### EXERCISE DATA
*** Begin section ***

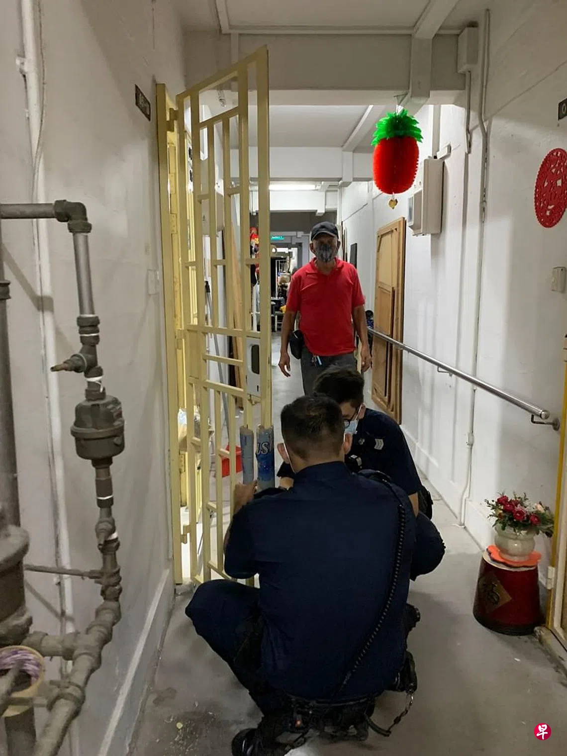 热心读者拨电《新明日报》24小时热线通报,上述组屋楼下聚集数十人围观,警员不断进出事发和邻居的单位,气氛紧张。
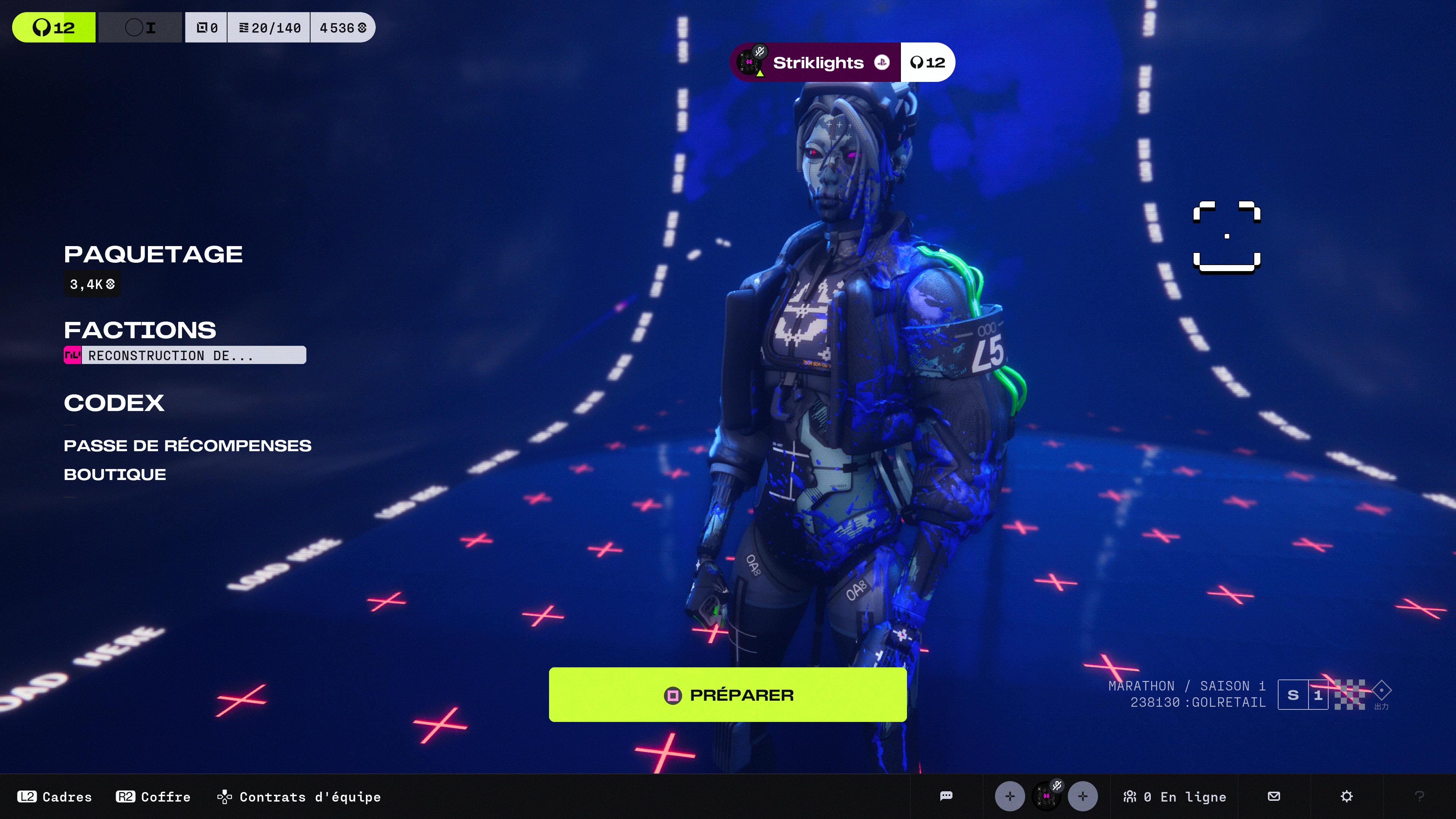 Si votre coffre est vide, ou si vous ne voulez pas risquer votre merveilleux butin, Marathon propose des kits sponsorisés, gratuits ou payants en crédits. Ces derniers permettent de partir avec un équipement équipé d’office, non modifiable au pré-lancement d’une partie. Bien évidemment, les kits payants vous octroient un équipement bien supérieur au kit gratuit. Seul petit défaut : l’ajout automatique d’un kit à notre mort, obligeant ainsi le joueur ou la joueuse à le retirer, ou non, depuis l’inventaire.
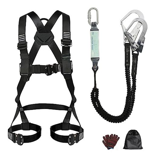 [WINFULL] 【2022新規格適合】フルハーネス安全帯 新規格 セット 墜落制止用器具 伸縮式ダブルランヤード ショックアブソーバー付き 安全落下全身保護キット ワンタッチバックル 簡単に着脱可能 建設 電力 高所作業用 日本語説明書 使用可能質量
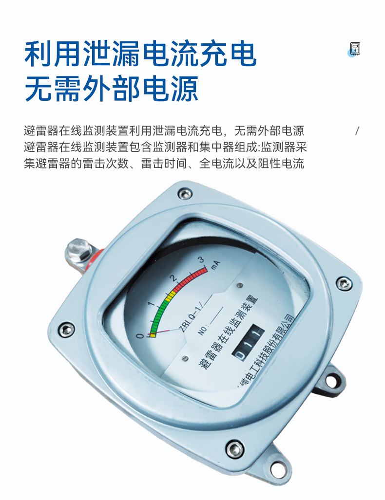 Ø 避雷器在线监测装置利用泄漏电流充电,无需外部电源。

*** End section ***

### WHAT TO DO
Emit an exact copy of the lines from the line bearing "[WINFULL] 【2022新規格適合】フルハーネス安全帯 新規格" through the last line above, inclusive, and leave the images out.

### RESULT OF THE EXERCISE
 [WINFULL] 【2022新規格適合】フルハーネス安全帯 新規格 セット 墜落制止用器具 伸縮式ダブルランヤード ショックアブソーバー付き 安全落下全身保護キット ワンタッチバックル 簡単に着脱可能 建設 電力 高所作業用 日本語説明書 使用可能質量
 Ø 避雷器在线监测装置利用泄漏电流充电,无需外部电源。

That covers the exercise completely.